As mainstream Canadian conversations are finally honed in on reconciliation, it’s essential that progressives continue to reframe the colonial narrative and support indigenous struggles for decolonization and self-determination.
A vital element of this is the reclaiming of language and story.
Keep Talking documents the mission of four young women in Kodiak, Alaska, and their efforts to revitalize the endangered Alutiiq language.
The film successfully interconnects the great strides taken by the women, who set out to educate the local youth on the Alutiiq language, with the greater historical trauma which the local community has suffered. A microcosm for self-determination the world over, the film shines a light on the power of preserving language and culture as a way of collective healing.
Weinberg, who had originally been called to the region to provide training in editing, grew close to the community in Kodiak and was invited back to film the documentary over the course of what became five years. Her experiences learning from the local community have inspired her and led her to examine what it means to be a community, fighting the odds, pulling people from tragedy, and what we can all learn from that.
“The power of language is largely untapped,” Weinberg states. Western-centric knowledge doesn’t acknowledge the importance of indigenous storytelling.

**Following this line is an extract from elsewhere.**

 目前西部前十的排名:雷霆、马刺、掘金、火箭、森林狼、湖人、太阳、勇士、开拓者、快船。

It often places a hegemony on story, holding up biblical tales as the norm, and traditional indigenous stories as ‘folklore.’ As such, the preservation and reclamation of Alutiiq language and story is a “metaphor for the various challenges and historical trauma the community has faced.”

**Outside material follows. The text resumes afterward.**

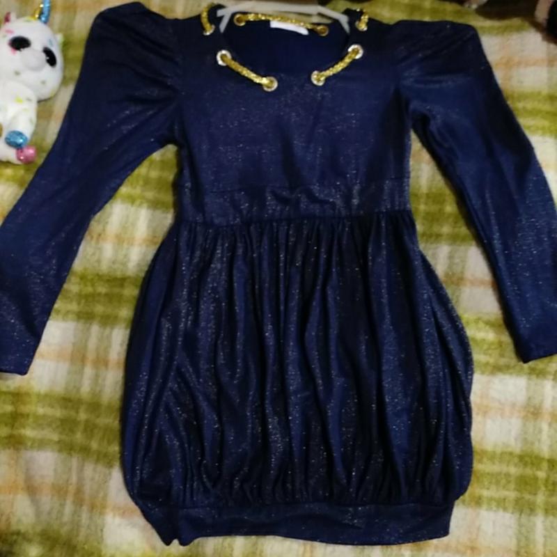 Трикотажное платье с люрексовым напылением. Юбка - балон, оригинальная форма рукавов, по типу - фонариком. Покупалось на сайте LeBootiq, одевалось пару раз на праздники и на фотосессию. Длина до пояса - 24, общая длина - 61, рукав- 45,5, ПОГ -32, ПОТ -28. Ткань хорошо тянется, приятная к телу.

Despite the inevitable and necessary heavy subject matter, Keep Talking permits a look forward to women as the guardians of their culture, and agents of change. Much like the title of the film and the efforts of its leaders, we are invited to keep striving for change, whether on the economic, social, or familial level; and whether perfect or a work in progress—as long as indigenous communities have the resources to reclaim their language, and by means of which, their story.
For those in Vancouver, the film’s second screening will be this Thursday at 10:45am at International Village Theatre.